Unnamed: 0,wine_id,wine_name,wine_avg_rating,wine_ratings_count,vintages_number,average_price
0,77137,Unico,4.7,45140,3,631.87
1,1153863,Sauternes,4.7,44126,9,973.28
2,66294,Special Selection Cabernet Sauvignon,4.7,41236,2,420.25
3,1166837,Pomerol,4.7,32157,6,5948.33
4,1136930,Grange,4.7,24356,4,1066.45
5,2446729,Toscana,4.7,16284,24,2551.35
6,77136,Unico Reserva Especial Edición,4.7,13025,1,644.95
7,66284,Cabernet Sauvignon,4.6,157944,1,177.95
8,86684,Brut Champagne,4.6,146377,5,437.27
9,5078,Sassicaia,4.6,107646,25,990.24


Our goal is to select wines that have a high average rating, a significant number of ratings, and an affordable price.
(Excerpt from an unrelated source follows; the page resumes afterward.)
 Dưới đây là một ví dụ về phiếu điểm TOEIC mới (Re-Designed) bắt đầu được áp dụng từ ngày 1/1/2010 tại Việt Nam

We will focus on wines with a price under 50 euros to make them accessible to a wider range of customers.

In [37]:
# Execute the SQL query
query = """
    SELECT wines.id AS wine_id, 
           wines.name AS wine_name, 
           wines.ratings_average wine_avg_rating, 
           wines.ratings_count wine_ratings_count, 
           COUNT(vintages.year) AS vintages_number, 
           ROUND(AVG(vintages.price_euros), 2) AS average_price
    FROM wines
        JOIN vintages ON wines.id = vintages.wine_id
    WHERE vintages.price_euros <= 50 AND
          wines.ratings_count > 10000 
    GROUP BY wines.id
    ORDER BY wine_avg_rating DESC, 
             wine_ratings_count DESC,
             vintages.price_euros ASC
    -- LIMIT 10
    ;
"""

cursor.execute(query)
result = cursor.fetchall()

# Print the result
# for row in result:
#    wine_name, rating_avarage, rating_count, year, price_euros=row
#    print(f'Wine Name: {wine_name}, Average Rating: {rating_avarage}, Count Rating:{rating_count}, Year: {year}, Price (Euros): {price_euros}')
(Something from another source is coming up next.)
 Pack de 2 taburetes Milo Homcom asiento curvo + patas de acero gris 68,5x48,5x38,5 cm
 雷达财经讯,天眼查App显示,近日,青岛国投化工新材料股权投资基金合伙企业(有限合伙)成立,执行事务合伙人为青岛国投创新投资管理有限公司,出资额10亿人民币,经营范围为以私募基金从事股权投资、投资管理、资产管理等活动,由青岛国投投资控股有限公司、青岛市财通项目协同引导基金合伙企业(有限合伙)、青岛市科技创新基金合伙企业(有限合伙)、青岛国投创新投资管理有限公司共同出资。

df = pd.read_sql_query(query, connection)
print(df.shape)
display(df.head(10))
df.to_csv("../data/csv/question_1_1.csv")

(19, 6)


Unnamed: 0,wine_id,wine_name,wine_avg_rating,wine_ratings_count,vintages_number,average_price
0,11890,60 Sessantanni Old Vines Primitivo di Manduria,4.5,94289,1,24.75
1,1139434,Tinto,4.4,65625,1,42.95
2,12393,Amarone della Valpolicella Classico,4.4,48329,1,46.25
3,1383553,Roda I Reserva Rioja,4.4,22749,1,40.98
4,1148298,Brut Rosé Champagne,4.4,21147,1,49.61
5,1129440,Old Vines Primitivo di Manduria,4.4,20904,1,20.95
6,75978,Quinta da Leda Douro,4.4,14197,1,30.0
7,76476,Belondrade y Lurton,4.4,13567,1,49.75
8,2355320,Fusion V,4.4,12877,1,36.1
9,6331780,Guerriero della Terra,4.4,10185,2,26.68


In [10]:
# Close the cursor and connection
cursor.close()
connection.close()

Now, let's analyze why we selected these wines and provide recommendations for the marketing strategy.

We have selected these wines based on the following criteria:

#### Average Rating: 
We prioritize wines with high average ratings, as they indicate a good overall quality that customers are likely to appreciate.
#### Rating Count: 
Wines with a significant number of ratings demonstrate popularity and consumer trust. This can encourage potential buyers to try these wines.
#### Price:
 By choosing wines priced under 50 euros, we ensure that the highlighted wines are accessible to a broader range of customers.